EXERCISE DESCRIPTION: Please print, exactly as written, the line containing "石麒麟 晚霞紅麒麟 鴻景石雕廠家" and each line after it through the end of the material; pictures stay out.

DATA SEGMENT:
* * *
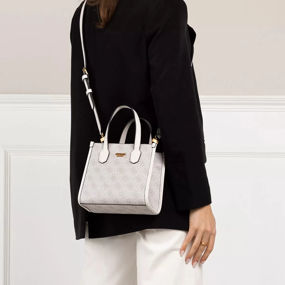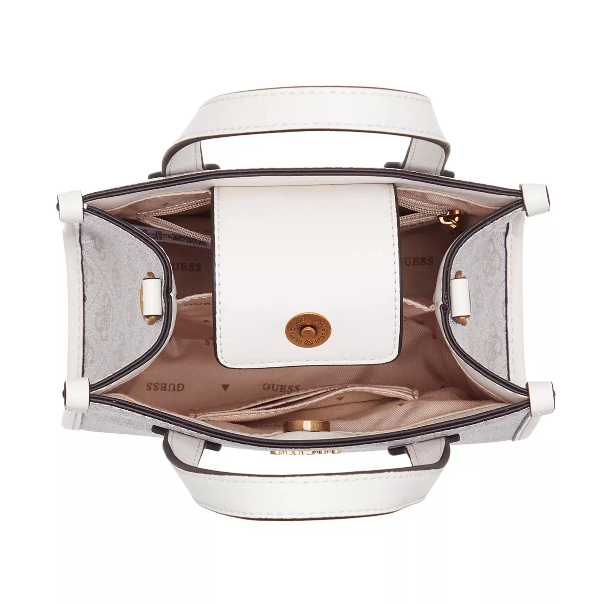 Die Silvana Compartment Mini Tote Dove Logo von Guess ist verspielt und bleibt daneben vielseitig.
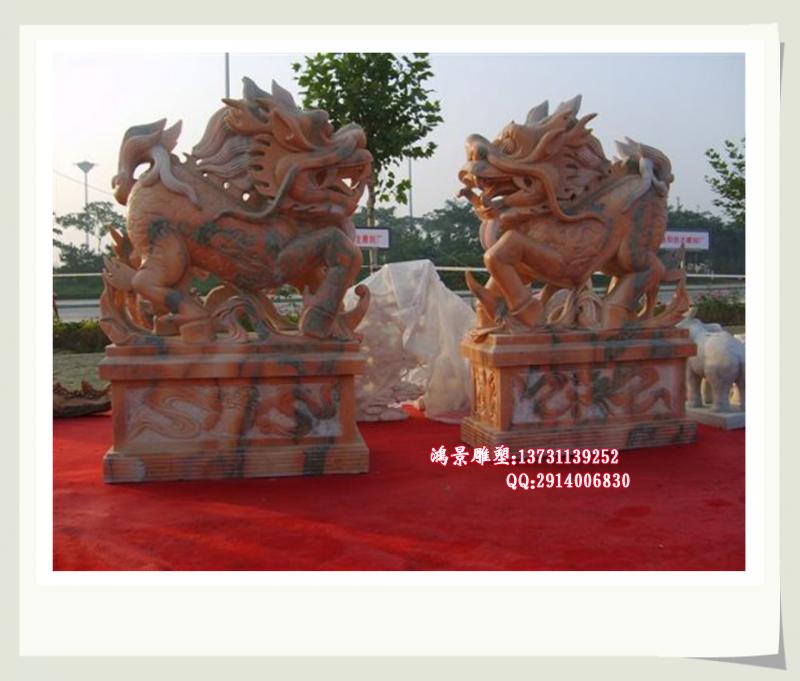 石麒麟 晚霞紅麒麟 鴻景石雕廠家
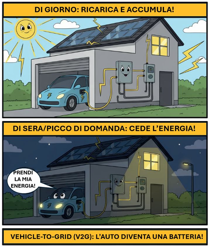 - Giorno: L’auto è parcheggiata e assorbe tutta l’energia in eccesso prodotta dai pannelli (energia a costo zero).
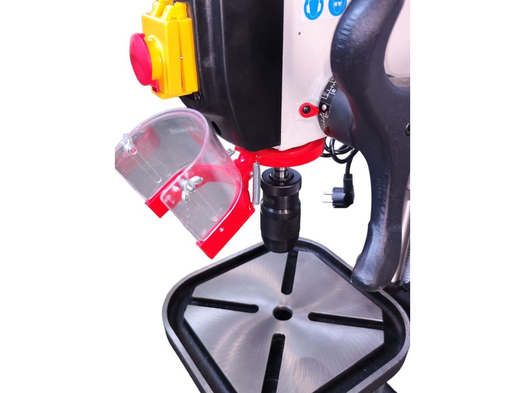 Свердлильний верстат по металу MAST Metalltechnik M-SV1520S-1 - це настільне обладнання для свердління, розсвердлювання, зенкування і цекування металевих заготовок. Оснащений індукційним двигуном потужністю 600 Вт, який має 12 швидкостей обертання шпинделя з діапазоном регулювання від 180 до 2740 об/хв. Хід шпинделя становить 80 мм, максимальний діаметр отвору - 20 мм. Працює від напруги 230 В.
* * *
REPLY:
 石麒麟 晚霞紅麒麟 鴻景石雕廠家
 - Giorno: L’auto è parcheggiata e assorbe tutta l’energia in eccesso prodotta dai pannelli (energia a costo zero).
 Свердлильний верстат по металу MAST Metalltechnik M-SV1520S-1 - це настільне обладнання для свердління, розсвердлювання, зенкування і цекування металевих заготовок. Оснащений індукційним двигуном потужністю 600 Вт, який має 12 швидкостей обертання шпинделя з діапазоном регулювання від 180 до 2740 об/хв. Хід шпинделя становить 80 мм, максимальний діаметр отвору - 20 мм. Працює від напруги 230 В.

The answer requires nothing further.